Thursday, June 3, 2010

Is trial prep a dirty job?

I once caught an interview with Mike Rowe and he was being asked what he thought made Dirty Jobs such a big hit. Now first I must admit that I love the show. Back when my youngest was having trouble going to sleep at night I used to rock her while I watched the tube -- and one of the shows I watched was Dirty Jobs.

It would have been so easy for Mr. Rowe to mock the people who worked jobs that nobody else wants to do -- but he never made the workers the butt of the jokes. Quite the contrary, Mike Rowe was always the punchline. He treated everyone who came on that show with respect and dignity.

Mr. Rowe's answer to the question was quite profound. He said that most of us (me included) have jobs that we can't tell at the end of the day whether we've accomplished anything. My desk, for instance, is as big a mess when I walk out of the office as it is when I walk in the next day. I see a bunch of paper, letters and files on my desk and it doesn't make any difference how much paperwork I do in the afternoon - or at night - because there's always more to do. Mr. Rowe said what made the jobs he featured on the show so compelling was that each job had a starting point and an ending point. As an example he talked about a ditch digger. At the beginning of the day there was no ditch - but by the end of the day, there was a ditch.

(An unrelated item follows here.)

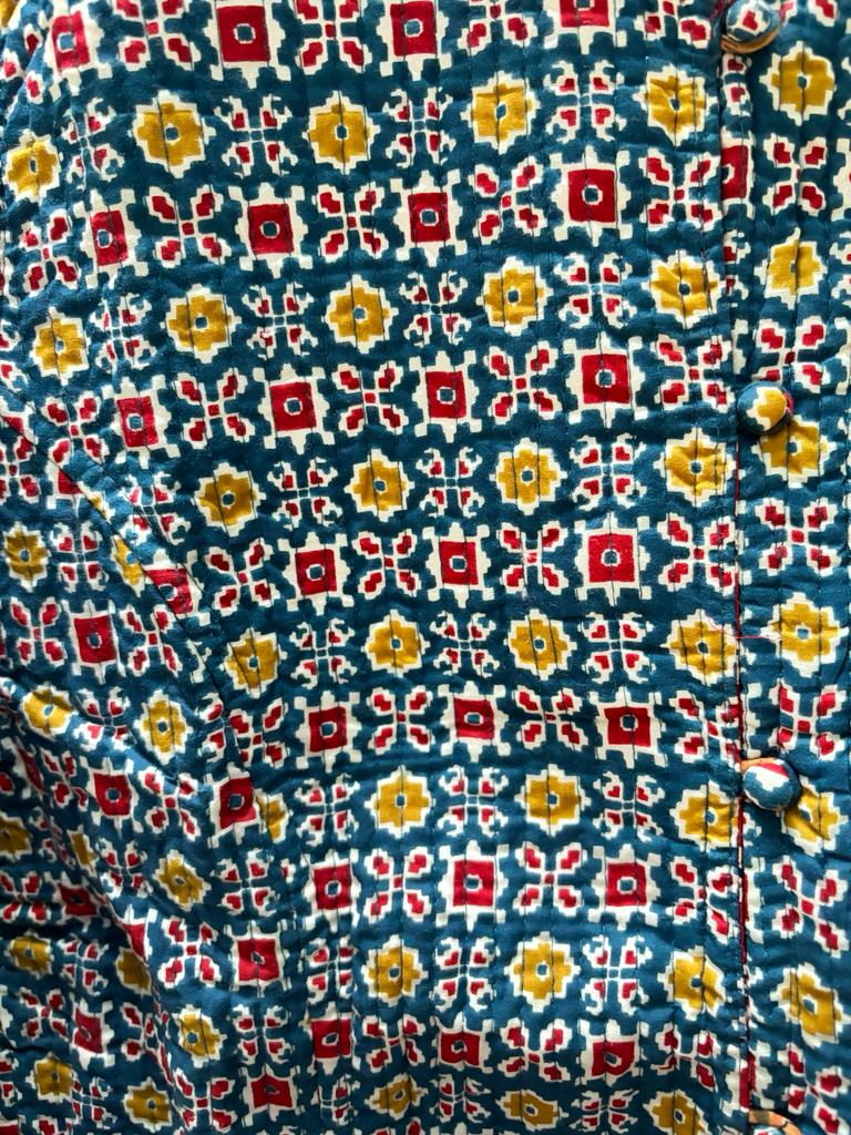 Fabric/product: Handmade 100% Cotton, Reversible Jacket Both side Different Design. You can use Both side.

My "dirty job" is mowing the lawn. When I wheel the mower out to the driveway and pull the cord I can see how tall (and ragged) the grass is. But as I walk across the yard I can see where I've mowed and where I haven't. The contrast is a constant reminder that I am accomplishing something. There is almost a Zen-like quality to pushing the mower as my mind keeps being drawn back to the contrast between the cut and uncut grass.